3. The correctness of this process is not disputed by the department before us nor does the Tribunal's order say otherwise.

4. It is evident that even after deodurising kerosene remains the same. There is no organic or chemical change. All that happens is that the odour is taken out, as also the impurities from the kerosene, so that it can be used as a raw material for manufacturing liniments. (It appears that after deodourising kerosene, the assessee sells the same to Warner Hindustan who manufactures the liniments). The reasoning adopted by the Supreme Court, in Tungabhadra Industries Ltd., Kurnool v. Commercial Tax Officer, Kurnool : [1961]2SCR14 to hold that vanaspati (hydrogenated oil) is and continues to be groundnut oil, applies with equal force to the facts of this case. Indeed, in this case, there is not even any organic change. The only difference in the facts of that case and this case is this. The Supreme Court has said in that case that vanaspati can be out to all uses to which groundnut oil can be put to and similarly the groundnut oil too can be put to all those uses to which vanaspati can be put to. In this case, however, while deodourised kerosene can be put to all uses to which kerosene can be put to, the kerosene cannot be put to all uses to which deodourised kerosene can be put to. On an aggregate of all the facts, however, we are of the opinion that this sole differentiating circumstance is not adequate for us to come to a different conclusion. Again, the fact that commercially they are two different products does not make any difference because commercially speaking, groundnut oil too is different from vanaspati. If a person goes to a shop and asks for groundnut oil, no trader would give him vanaspati. Similarly a person asking for vanaspati would not be given groundnut oil. Applying the same analogy, merely because, commercially speaking, kerosene and deodourised kerosene are different, it would not make any difference for the purpose of the enquiry relevant herein.

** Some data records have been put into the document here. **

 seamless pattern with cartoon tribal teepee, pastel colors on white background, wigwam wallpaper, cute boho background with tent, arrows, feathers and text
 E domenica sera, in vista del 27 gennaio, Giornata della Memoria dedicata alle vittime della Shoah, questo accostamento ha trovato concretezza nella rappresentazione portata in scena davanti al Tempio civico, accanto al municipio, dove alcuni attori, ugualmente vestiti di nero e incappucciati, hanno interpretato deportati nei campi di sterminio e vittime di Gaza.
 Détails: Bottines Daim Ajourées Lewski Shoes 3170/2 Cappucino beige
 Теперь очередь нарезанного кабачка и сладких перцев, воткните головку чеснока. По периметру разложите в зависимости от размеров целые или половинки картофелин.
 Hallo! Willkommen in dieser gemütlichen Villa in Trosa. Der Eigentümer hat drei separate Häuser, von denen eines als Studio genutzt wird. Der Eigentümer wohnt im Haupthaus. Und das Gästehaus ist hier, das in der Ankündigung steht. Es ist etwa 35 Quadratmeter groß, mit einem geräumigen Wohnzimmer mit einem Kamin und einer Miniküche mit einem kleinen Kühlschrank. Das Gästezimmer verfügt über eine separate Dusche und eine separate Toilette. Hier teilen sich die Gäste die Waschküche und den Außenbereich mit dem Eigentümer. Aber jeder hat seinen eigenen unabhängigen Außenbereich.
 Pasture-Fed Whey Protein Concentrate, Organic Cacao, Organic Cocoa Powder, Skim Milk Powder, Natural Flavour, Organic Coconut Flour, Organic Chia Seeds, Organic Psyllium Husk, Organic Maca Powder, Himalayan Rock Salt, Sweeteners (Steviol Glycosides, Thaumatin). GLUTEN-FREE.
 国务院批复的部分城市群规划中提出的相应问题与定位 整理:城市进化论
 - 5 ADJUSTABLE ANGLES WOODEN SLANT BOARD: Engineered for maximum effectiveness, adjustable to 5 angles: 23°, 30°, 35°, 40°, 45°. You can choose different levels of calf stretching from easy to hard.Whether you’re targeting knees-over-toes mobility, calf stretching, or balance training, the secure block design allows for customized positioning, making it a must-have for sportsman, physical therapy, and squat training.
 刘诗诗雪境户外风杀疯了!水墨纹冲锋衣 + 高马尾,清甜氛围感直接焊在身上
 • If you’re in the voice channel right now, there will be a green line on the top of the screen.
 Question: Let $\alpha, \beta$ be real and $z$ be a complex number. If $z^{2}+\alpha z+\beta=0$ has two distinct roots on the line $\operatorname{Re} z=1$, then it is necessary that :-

5. The Tribunal, inter alia, relied upon the fact that the value of these two goods in different, to come to the conclusion that both are different goods. In our opinion, however, that cannot be a relevant fact because even in the case of groundnut oil and vanaspati, the values or prices do differ.

6. For the above reasons, we are of the opinion that deodourised kerosene is kerosene for the purpose of entry in item 31(d) in the First Schedule to the Andhra Pradesh General Sales Tax Act. The revisions are partly allowed. The assessments already made shall be accordingly revised. Advocate's fee Rs. 200 in each.